Avoid answers like these:

  • “My boss was a real jerk, we just did not get along at all.”
  • “The job just got too boring. I didn’t feel stimulated or challenged by it”
  • “The hours were terrible. I want a regular 9-5, with better work-life balance.”

Strategies for Answering ‘What Did You Like Least …’

If you just answer what you didn’t like and leave it at that, you’re missing a good opportunity to show yourself in a positive light. Use this question as a chance not just to tell what you don’t like, but also to highlight a good quality about yourself. Interviewers really appreciate it if you can show how you turned a negative into a positive.
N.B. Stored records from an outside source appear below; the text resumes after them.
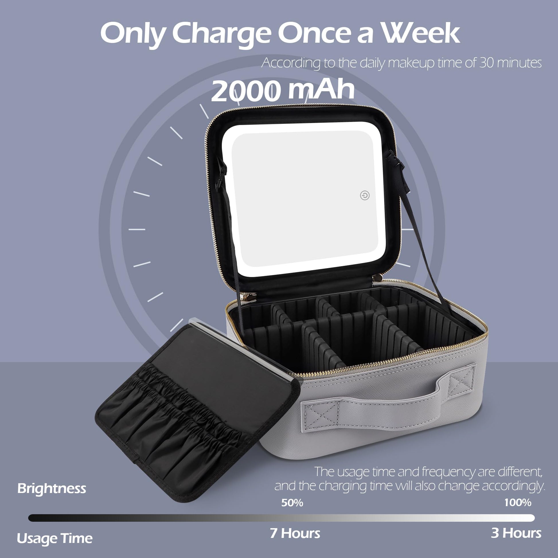 - đăMeticulous Selection of Materials, High Standard ProductionăDouble zippers of this lighted makeup case are controlled by high standards from chain cloth selection, sprocket arrangement, polishing, electroplating, and subsequent oil sealing and waxing processes to ensure smoother pulling. Specially customized sturdy plastic case for fixing the vanity mirror, whether it is placed in the luggage or directly on the car, the mirrorâs surface will not break.
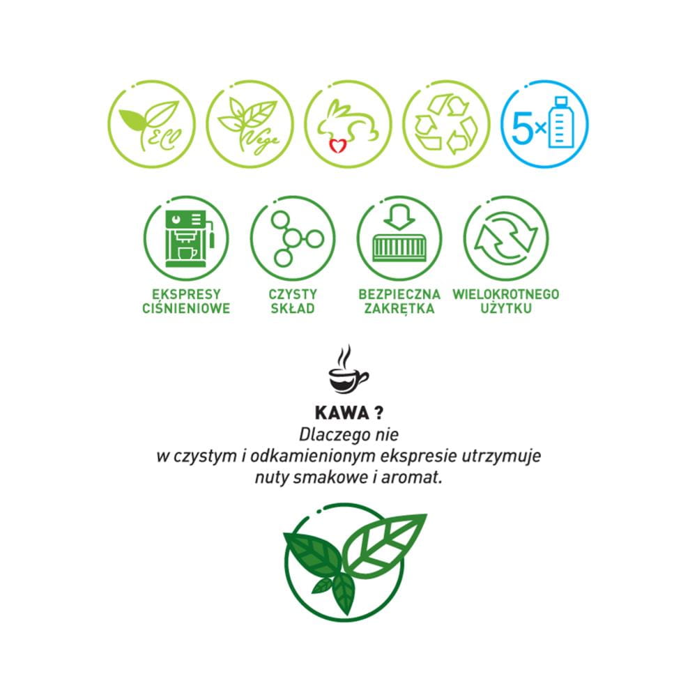 Jeśli instrukcja nie wskazuje inaczej: opróżnić pojemnik na wodę i wlać 100ml odkamieniacza do zbiornika danego modelu ekspresu i uzupełnić wodą (minimum 1 litr). Włączyć cykl usuwania kamienia i postępować zgodnie z instrukcjami pojawiającymi się na wyświetlaczu urządzenia lub umieszczonymi instrukcji dołączonej do ekspresu. Proporcje zastosowania odkamieniacza i wody uzależnione są od producenta i rodzaju ekspresu do kawy. W przypadku ekspresów z automatycznym odkamienianiem należy postępować zgodnie z instrukcjami wyświetlanymi na panelu. Po zakończeniu procesu odkamieniania należy kilkakrotnie przepłukać zbiornik czystą wodą. Regularne usuwanie kamienia w ekspresie przedłuża jego żywotność i zapewnia bezusterkowe działanie.
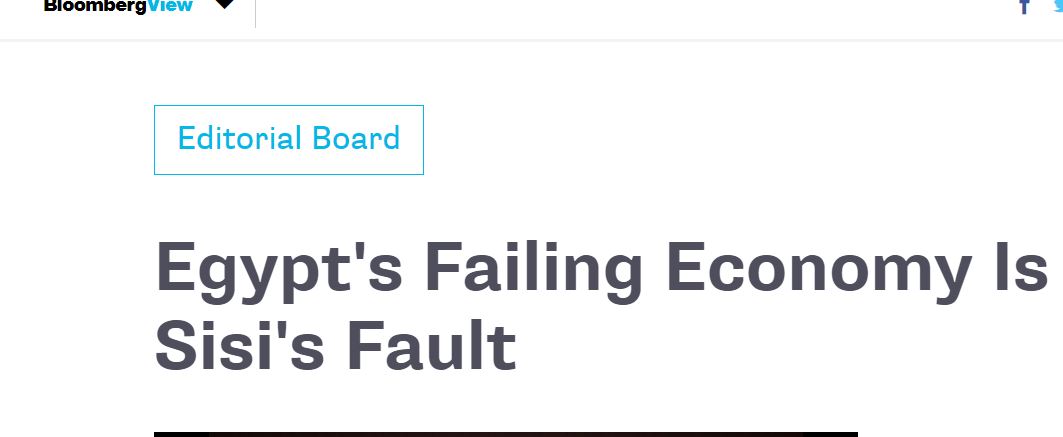 خصصت وكالة “بلومبرج” للأنباء افتتاحيتها لتسليط الضوء على الشأن المصري، متهمة عبدالفتاح السيسي بأنه السبب في تردي الوضع الاقتصادي المصري.

“I always love it when the candidate turns the question into an opportunity to talk about how they have made their current job better, easier, or more productive,” says Jeffrey Kelly, Founder and CEO of AssetLab. “Someone who tells me what they dislike and hasn’t ever done anything about it is probably out of the running.”

Keep the tone positive and upbeat. Bumgarner suggests focusing your answer on how your least favorite task kept you from your favorite tasks.

Good Answers:

  • “I didn’t enjoy the repetitive tasks in my last role, but I realized that they were unavoidable. So, I made a system where I broke up the work so that I could focus on more exciting projects in between, and still get all the work done by the end of the day.”
  • “I really prefer not doing administrative work, because it is time not spent with the customer, which is my strong suit. Of course, I understand that housekeeping items are necessary to continue performing my best tasks.”
  • “The job involved a lot of collaboration, which was challenging for me because I generally prefer to work alone. But I came to appreciate the help of my teammates and recognized that the work we produced together was of a higher quality than any one of us could have done alone.”

When you’re posed the interview question, “What did you not like about your last job?” don’t fall for the trap of moaning about the terrible things you had to do and your inept last boss. Instead, give a positive answer that shows how you are willing to take on difficult tasks and be innovative in how you handle them.